§ About this exercise
Copy the listing below exactly, but skip the pictures.

§ Exercise data

[Start of section]

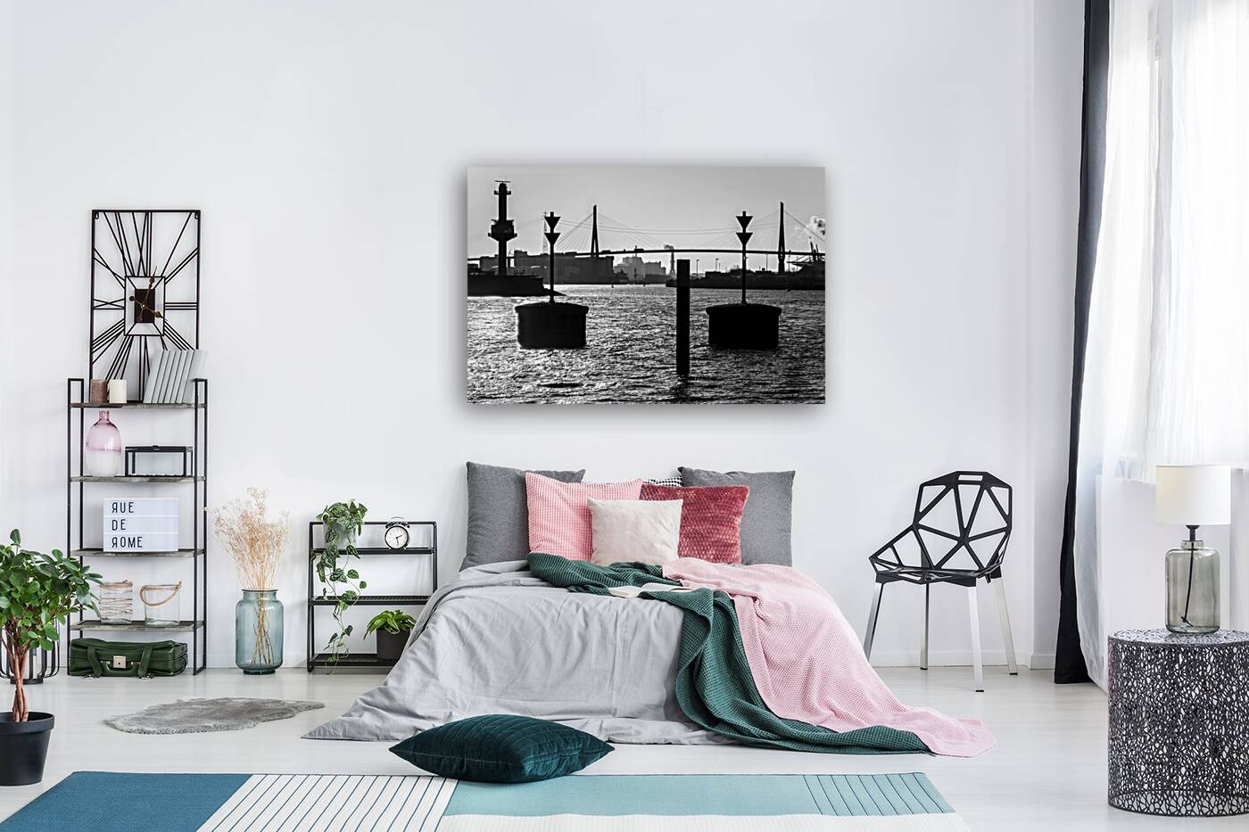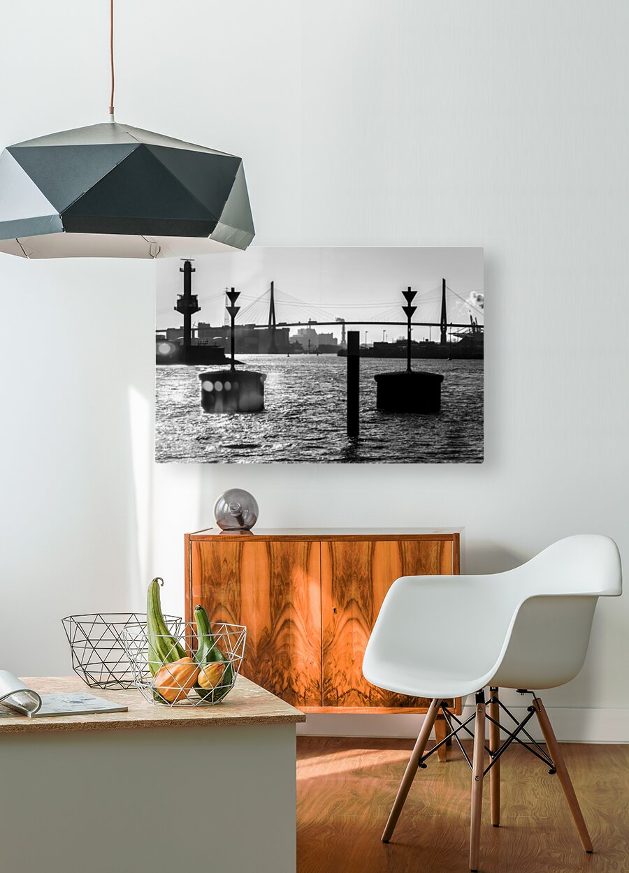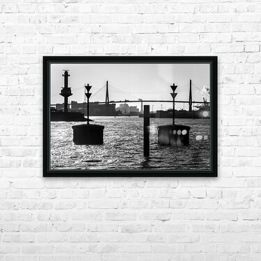 Get this artwork "Black and white shot of harbor panorama and Köhlbrandbrücke at the Elbe River in Hamburg Germany " in a framed print.
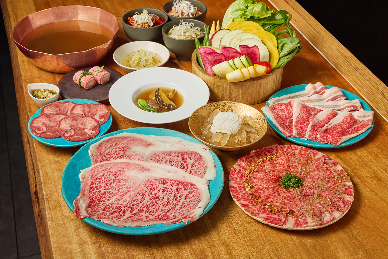 A variety lunch set with a choice of soup stock. The meat is an assortment of five popular varieties, including beef tongue, Japanese black beef shoulder loin, and Iwanaka pork from Iwate Prefecture. You can have as many refills as you like of the vegetable platter. Take this opportunity to try our most popular lunch plan.
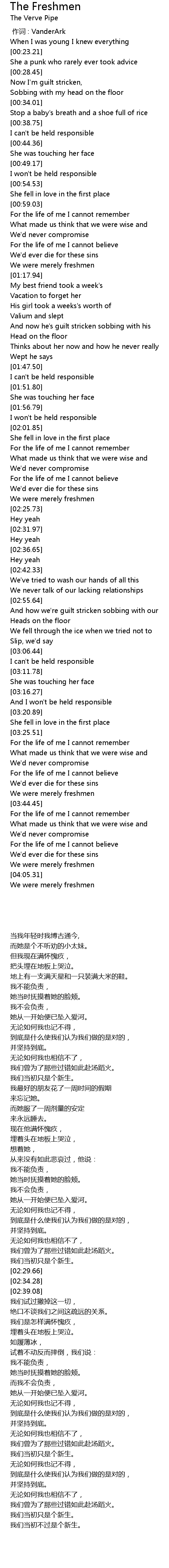| [04:01.16] | We were merely freshmen |

[End of section]

§ Answer box
 Get this artwork "Black and white shot of harbor panorama and Köhlbrandbrücke at the Elbe River in Hamburg Germany " in a framed print.
 A variety lunch set with a choice of soup stock. The meat is an assortment of five popular varieties, including beef tongue, Japanese black beef shoulder loin, and Iwanaka pork from Iwate Prefecture. You can have as many refills as you like of the vegetable platter. Take this opportunity to try our most popular lunch plan.
| [04:01.16] | We were merely freshmen |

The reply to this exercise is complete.